For instance, the launch of Canadian Treasury bill (T-bill) ETFs in April 2023 marked a significant development, offering investors a safer alternative to traditional bond ETFs. This was especially relevant during periods of rising interest rates, where bond ETFs experienced heightened volatility. During this time, T-bill ETFs emerged as a viable option for investors seeking to reduce risk.
Another segment that gained traction during the bear market of 2022 was covered call ETFs. These products became increasingly popular due to their potential for higher income generation. Covered call strategies involve holding a portfolio of stocks while selling call options on the same stocks, which can provide additional income through the premiums received.
Capitalizing on the popularity of T-bill ETFs and covered call strategies, Canadian ETF providers like Hamilton ETFs, Harvest ETFs, and Horizons ETFs have innovatively combined these two concepts.
They have launched covered call bond ETFs, which apply the covered call strategy to fixed-income securities. This novel approach aims to provide investors with higher yields while mitigating the volatility typically associated with bond investments in a rising rate environment.
These products represent a new frontier in fixed income investing, offering a unique blend of income generation and risk management, but as with any new product, there's a learning curve to navigate.
What are Covered Call Bond ETFs?
While covered calls are typically associated with stocks, this strategy can be effectively applied to bonds, particularly through options on highly liquid U.S.-listed bond ETFs.
This strategy involves selling call options on the ETF, which grants the buyer the right, but not the obligation, to purchase the ETF at a predetermined price (the strike price) within a specified time frame.
In return for selling this right, the ETF receives a premium, which provides additional income to the fund and its investors.
One key advantage of this strategy is the potential for higher income. By selling call options, covered call bond ETFs generate income from the option premiums on top of the existing bond ETF's yield.
This approach can help enhance the yield of a bond portfolio, offering a “paid to wait” advantage while central banks like the Federal Reserve and the Bank of Canada navigate their monetary policies.
Moreover, covered call bond ETFs can outperform in sideways markets.

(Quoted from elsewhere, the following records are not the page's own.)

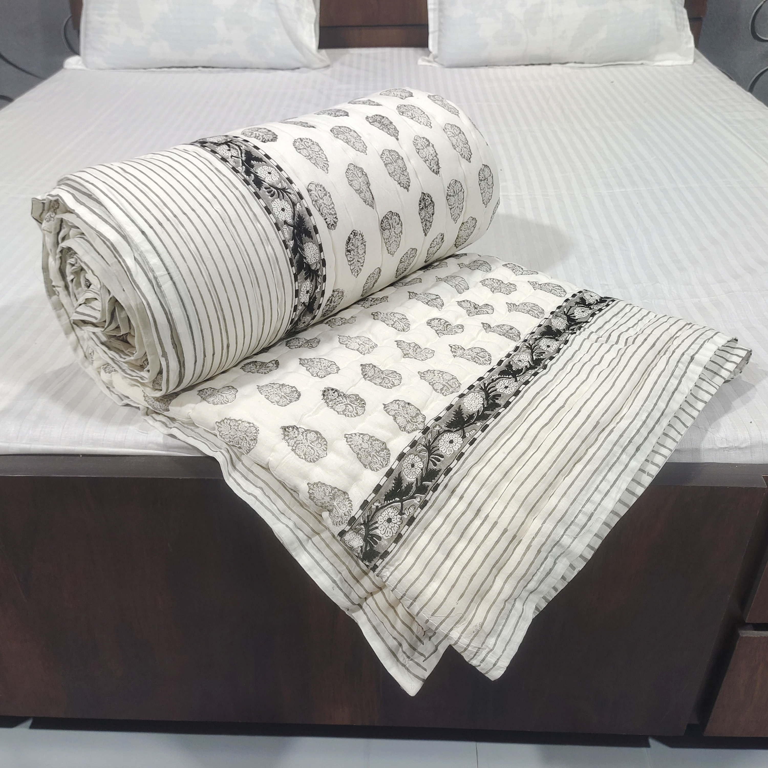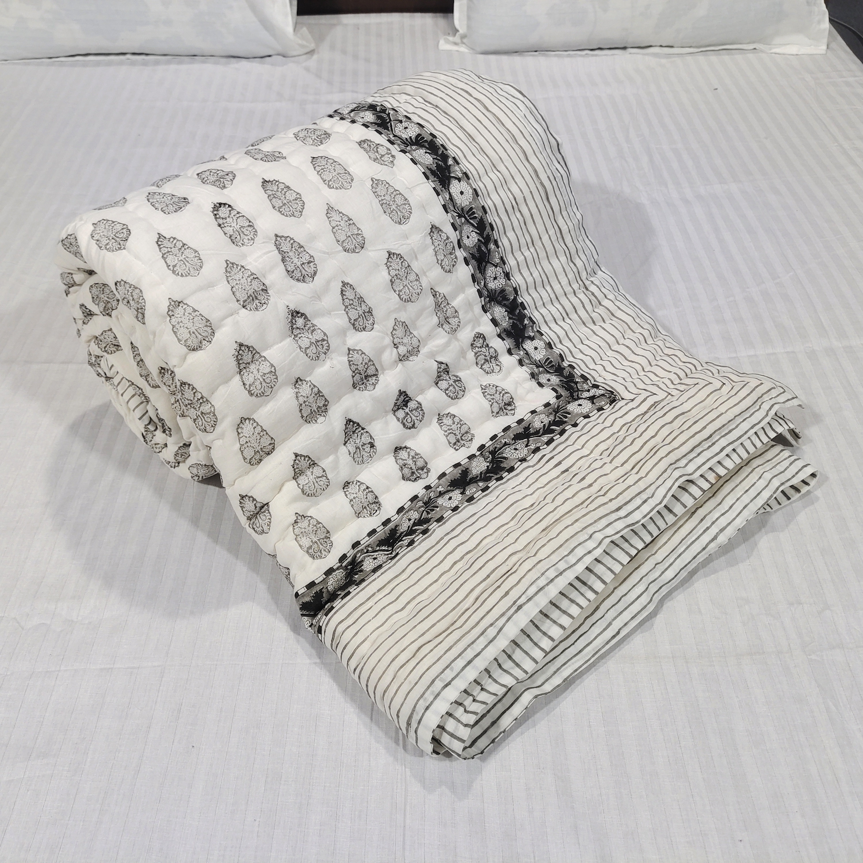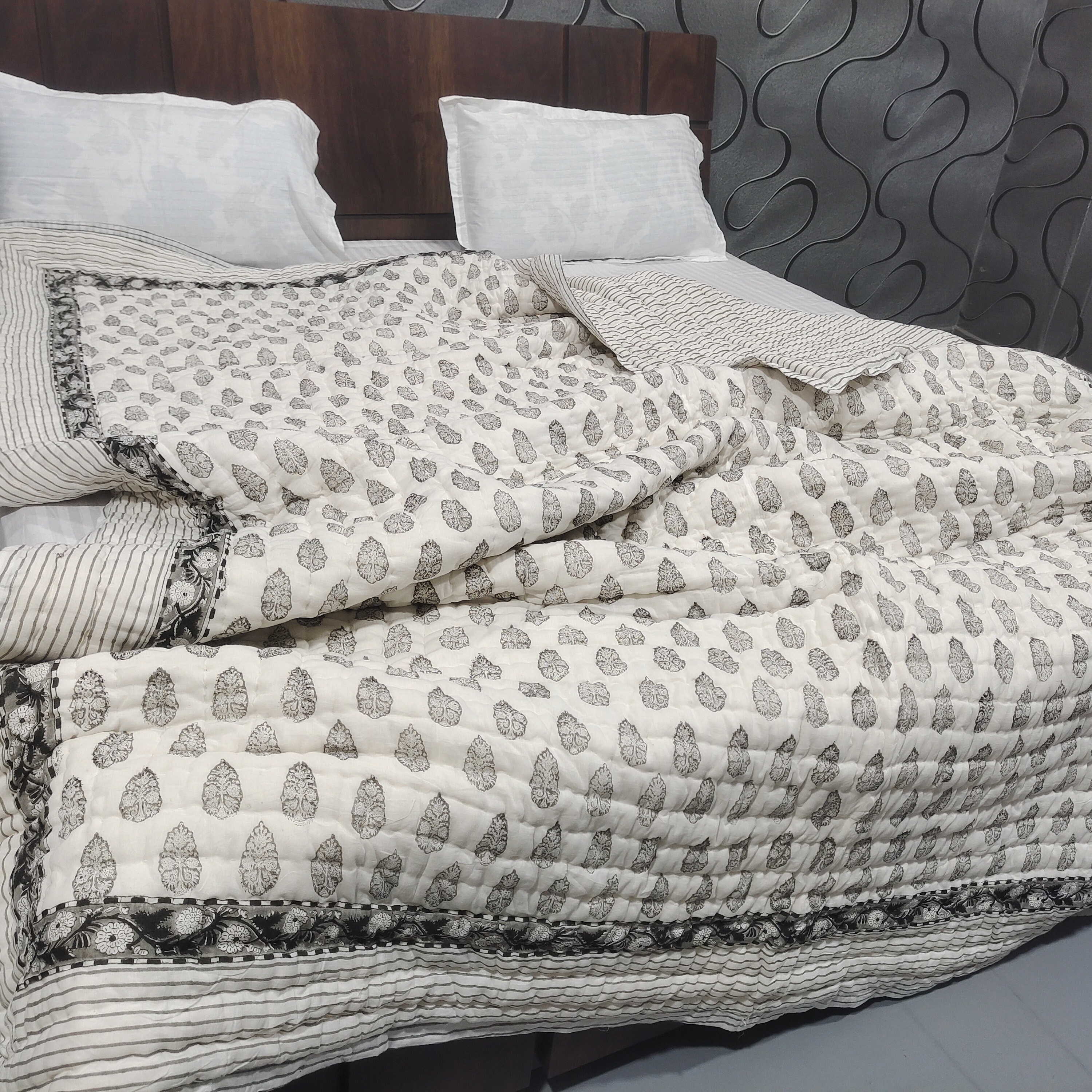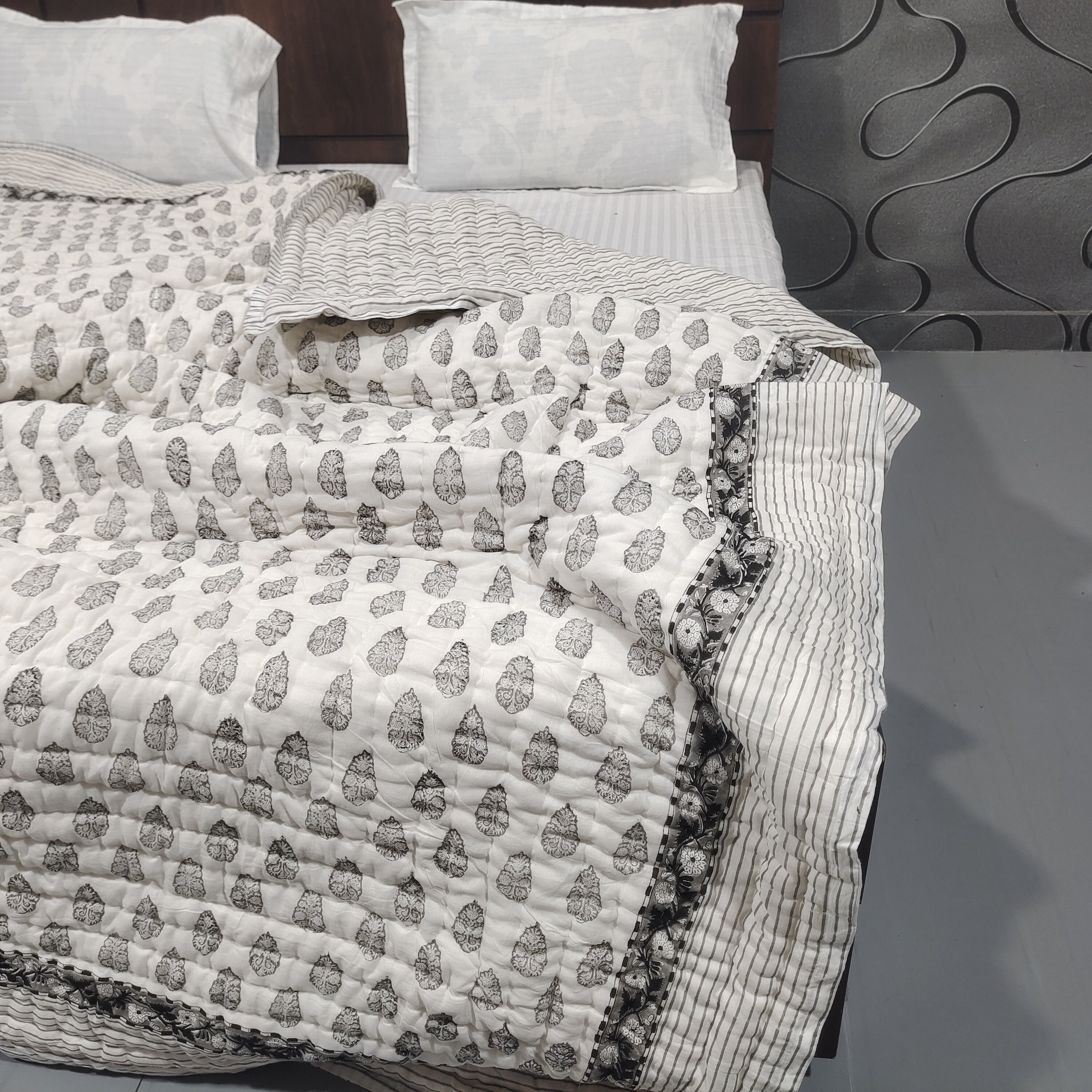 Hand Block Printed Cotton Quilt: Grey & White Bedspread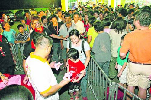 當(dāng)晚,檳州首長林冠英偕夫人及孩子在7時(shí)35分抵步,在大山腳民眾陪同下,切下全馬最大月餅“月光寶盒”,原來月餅內(nèi)藏有一個(gè)寶盒寫著“恭賀各界中秋節(jié)快樂”。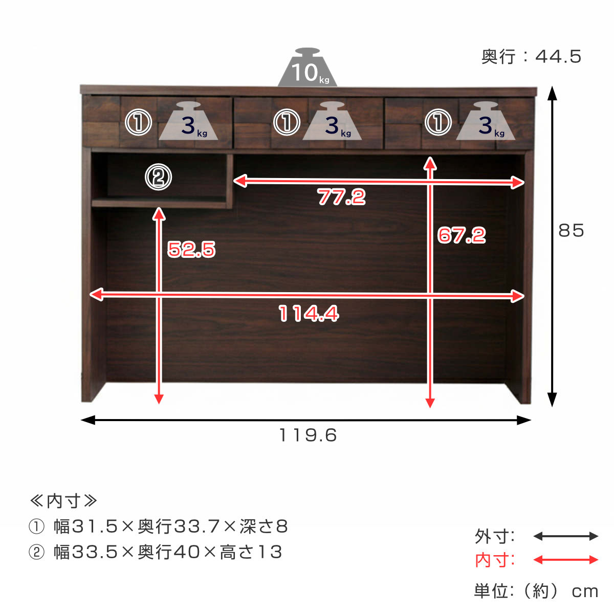| サイズ | 約 幅119.6×奥行44.5×高さ85(cm) |
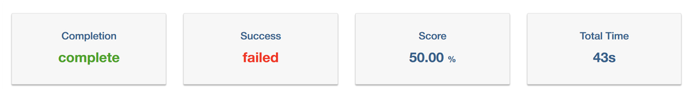 - passed: The learner has achieved the minimum performance criteria (e.g., passing score).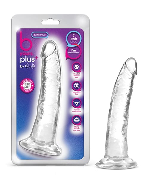 Blush B Yours Plus Lust n’ Thrust is a realistic dildo with a slight curve for G-spot and P-spot stimulation, and a sturdy suction cup base that holds to any smooth flat surface for solo time. Or partner up for strap-on harness fun! Lust n’ Thrust has a tapered head for easy insertion and is transparent for optimal viewing during play. Made of TPE, Lust n’ Thrust is phthalate free, fragrance free, and latex free. Ultrasoft (but firm enough for play!) and realistic, Lust n’ Thrust is ready to bring pleasure to your playtime! Ultrasoft and Realistic Feel.Made of TPE. Fragrance, Phthalate and Latex Free.Suction Cup Base and Harness Compatible.Transparent for Viewing During Play.7.5″ L (7″ Insertable) x 1.5″ W.

In such market conditions, where volatility is high, yet price movements are rangebound, income from option premiums can provide a steady stream of returns. This strategy is well-suited for investors who are looking for higher income while maintaining a conservative risk profile.
However, it's important to note that this strategy has its limitations. In a scenario where interest rates decrease and bond prices rise significantly, the performance of covered call bond ETFs might lag. This is because the sold call options cap the upside potential of the ETF; if the underlying bond ETF's price exceeds the strike price of the call options, the additional gains are not realized beyond the option's strike price. Therefore, in a rapidly appreciating bond market, these ETFs might underperform compared to traditional bond ETFs without a covered call strategy.
The Current Covered Call Bond ETF Lineup
The first to launch these new ETFs was Hamilton ETFs on September 15th. The firm debuted the actively managed Hamilton U.S. Bond Yield Maximizer ETF (TSX:HBND) (HBND), which wraps five other highly liquid U.S. Treasury ETFs across the yield curve while selling at-the-money calls on 50% of the portfolio. Hamilton expects a 10% target yield, along with monthly distributions.
Meanwhile, income specialist firm Harvest ETFs launched the Harvest Premium Yield Treasury ETF (TSX:HPYT) (HPYT) on September 28th, and it has since reached $93 million in assets. This ETF is projecting a 15% yield by writing covered calls on 100% of its underlying holdings, which are also U.S.-listed Treasury ETFs, but with a focus on longer-maturity issues.
Finally, Horizons ETFs also debuted a lineup of three covered call bond ETFs for investors who wish to slice and dice their fixed income exposure more precisely across the yield curve. They include the Horizons Short-Term U.S. Treasury Premium Yield ETF (SPAY), the Horizons Mid-Term U.S. Treasury Premium Yield ETF (MPAY), and the Horizons Long-Term U.S. Treasury Premium Yield ETF (LPAY).